Now that Prometheus is monitoring our application, we can look at the metrics we've collected. To start, open the OpenShift web user interface (UI) and go to the Advanced > Metrics page. On this page, we can execute Prometheus queries. PromQL is the Prometheus Query Language and offers a simple, expressive language to query the time series that Prometheus collected.

As an example, we’ll use a query for calculating the 99% quantile response time of the .NET application service:

histogram_quantile(0.99, sum by(le) (rate(http_request_duration_seconds_bucket[5m])))*1000

Figure 1 shows the response-time graph generated by Prometheus.

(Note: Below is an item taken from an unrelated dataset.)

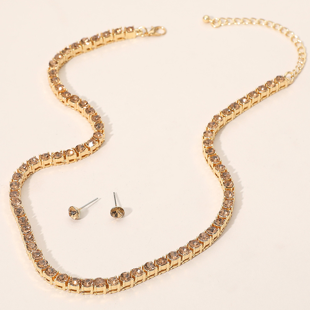 • Elevate your style with this rhinestone necklace and matching earrings set. Designed with sparkling stones and a classic silhouette, it’s the perfect accessory for evening wear, parties, or as a thoughtful jewelry gift for someone special.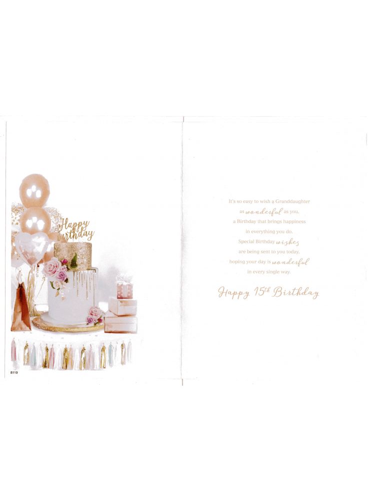 * Inside reads: It's so easy to wish a Granddaughter as wonderful as you, a Birthday that brings happiness in everything you do. Special Birthday wishes are being sent to you today, hoping your day is wonderful in every single day. Happy 15th Birthday

Graph of a .NET application service's 99% quantile response time
Figure 1: A histogram graphs a .NET application service's 99% quantile response time.

PromQL queries

In case you're not familiar with PromQL, let's dissect this query. We're using the http_request_duration_seconds_bucket metric from the http_request_duration_seconds histogram that we saw under the /metrics path.

Because these values are ever-incrementing counters, we apply the rate operation over a five-minute window. This gives us the response-time change over the last five minutes. The http_request_duration_seconds_bucket metric is split into a number of time series (per code, method, and so on). We don't care about these individual series, so we will sum them up. We add the by (le) argument to maintain the separate buckets that make up the histogram. We use histogram_quantile to obtain the 99% quantile value, and multiply by 1000 to get the time in milliseconds.

Conclusion

In this article, you've learned about using Prometheus to monitor .NET Core applications that are deployed on Kubernetes. If you wanted to continue with the example, you could use the metrics collected by Prometheus to generate alerts and view them in one or more Grafana dashboards. If you're curious, check out OpenShift 4.3's support for accessing Prometheus, the Alerting UI, and Grafana via the web console.

Last updated: July 30, 2020